[Opening Input records section]

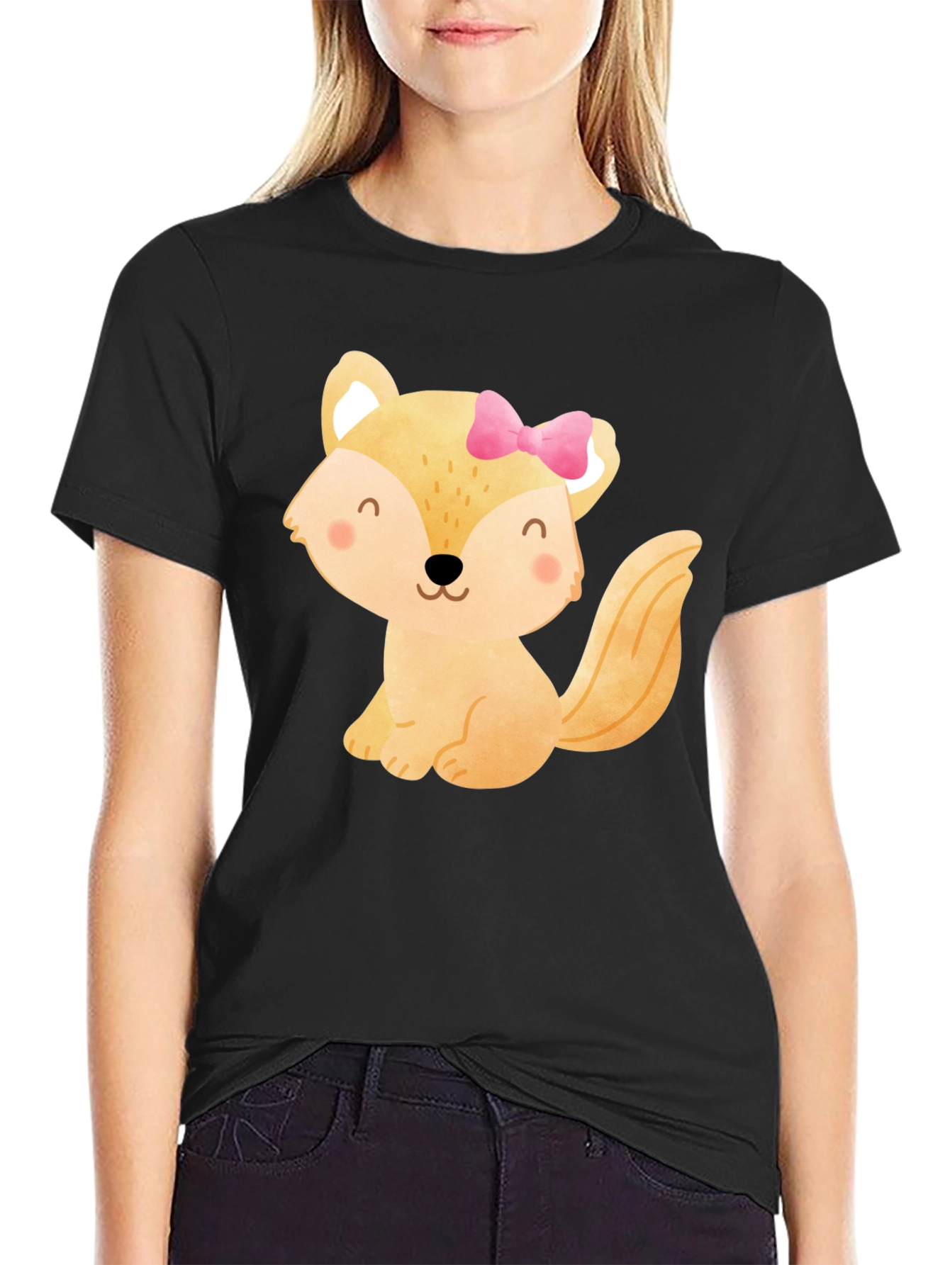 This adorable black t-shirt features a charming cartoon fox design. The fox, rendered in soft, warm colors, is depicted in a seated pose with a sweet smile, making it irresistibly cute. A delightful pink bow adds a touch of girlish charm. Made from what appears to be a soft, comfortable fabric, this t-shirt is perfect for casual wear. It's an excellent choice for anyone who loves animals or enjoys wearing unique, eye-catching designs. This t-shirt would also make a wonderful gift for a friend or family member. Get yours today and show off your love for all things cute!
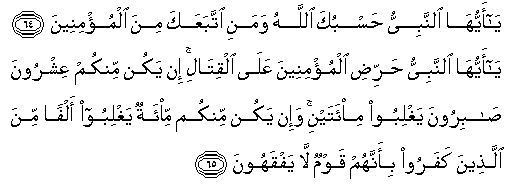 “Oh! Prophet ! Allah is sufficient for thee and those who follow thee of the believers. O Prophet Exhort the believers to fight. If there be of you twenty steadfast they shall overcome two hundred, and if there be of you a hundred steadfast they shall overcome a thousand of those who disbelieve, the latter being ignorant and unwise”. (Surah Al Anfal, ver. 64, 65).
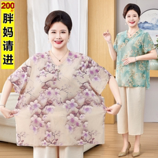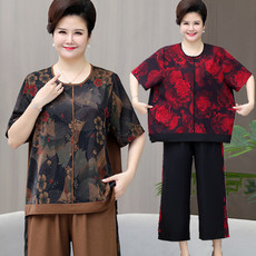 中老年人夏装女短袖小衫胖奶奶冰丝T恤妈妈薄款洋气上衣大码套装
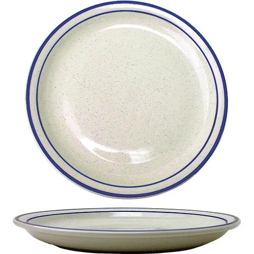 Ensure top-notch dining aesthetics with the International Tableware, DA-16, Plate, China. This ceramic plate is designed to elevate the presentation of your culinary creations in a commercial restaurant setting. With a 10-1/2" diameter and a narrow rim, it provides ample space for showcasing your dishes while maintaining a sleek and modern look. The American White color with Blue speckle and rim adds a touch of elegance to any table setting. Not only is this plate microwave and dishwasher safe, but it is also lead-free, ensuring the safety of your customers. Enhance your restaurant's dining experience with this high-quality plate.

[Closing Input records section]
[Opening Input records section]

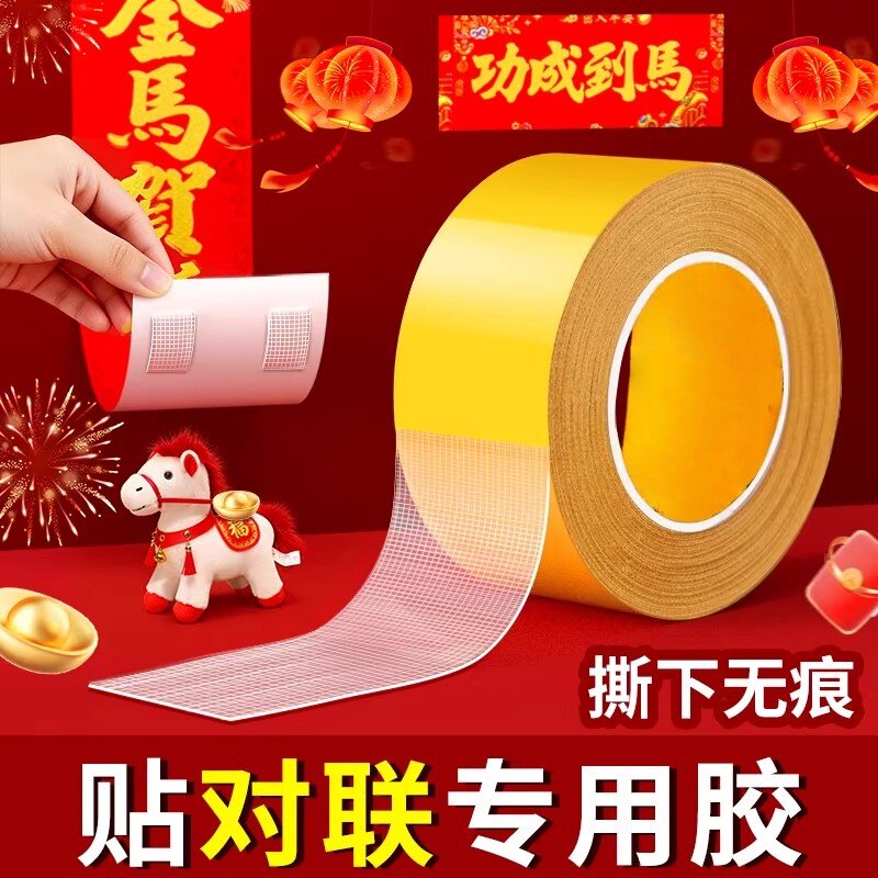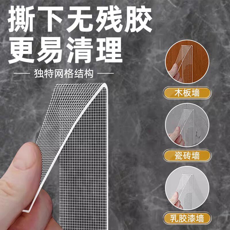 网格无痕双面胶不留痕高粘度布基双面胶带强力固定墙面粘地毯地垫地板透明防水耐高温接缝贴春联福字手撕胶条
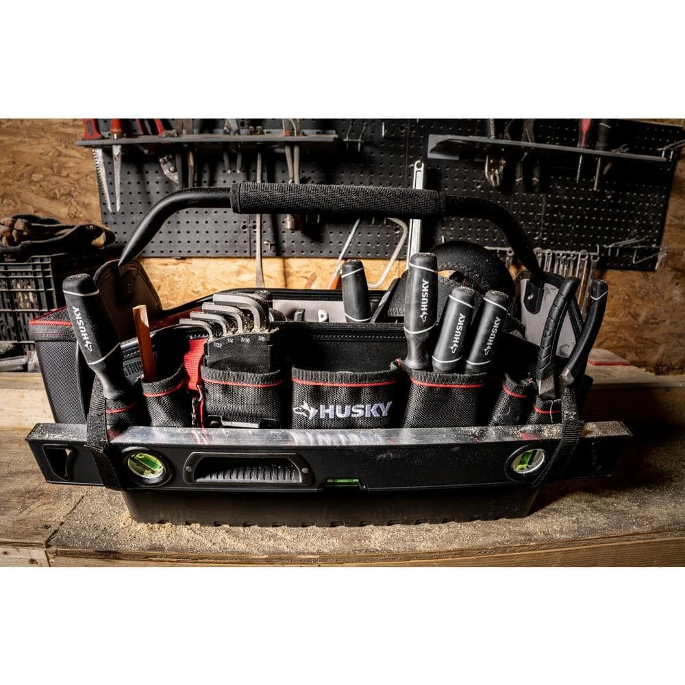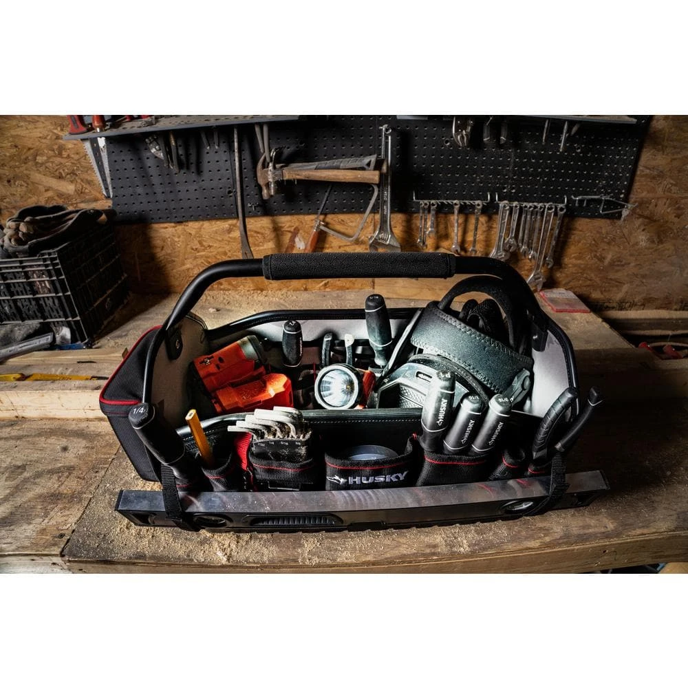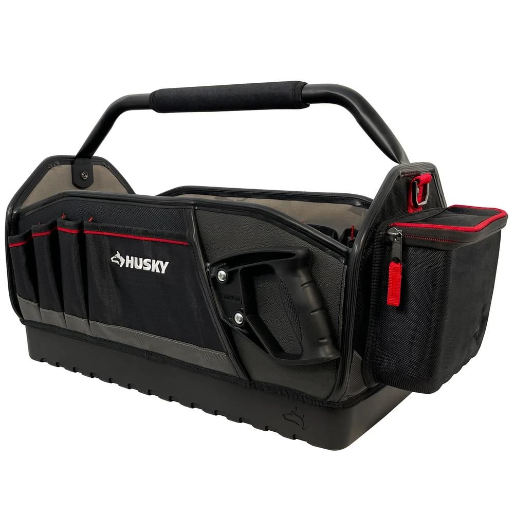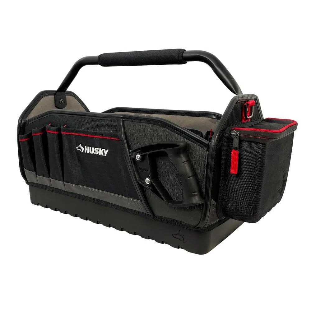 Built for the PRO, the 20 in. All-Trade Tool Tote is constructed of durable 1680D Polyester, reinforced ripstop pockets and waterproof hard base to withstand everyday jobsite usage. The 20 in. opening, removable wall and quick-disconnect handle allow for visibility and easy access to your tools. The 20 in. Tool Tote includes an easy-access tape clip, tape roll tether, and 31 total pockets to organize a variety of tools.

[Closing Input records section]

> What is required
An exact copy of the lines above from the one with "网格无痕双面胶不留痕高粘度布" up to and including the one with "Built for the" is required; reproduce only those lines, omitting all pictures.

> Response
 网格无痕双面胶不留痕高粘度布基双面胶带强力固定墙面粘地毯地垫地板透明防水耐高温接缝贴春联福字手撕胶条
 Built for the PRO, the 20 in. All-Trade Tool Tote is constructed of durable 1680D Polyester, reinforced ripstop pockets and waterproof hard base to withstand everyday jobsite usage. The 20 in. opening, removable wall and quick-disconnect handle allow for visibility and easy access to your tools. The 20 in. Tool Tote includes an easy-access tape clip, tape roll tether, and 31 total pockets to organize a variety of tools.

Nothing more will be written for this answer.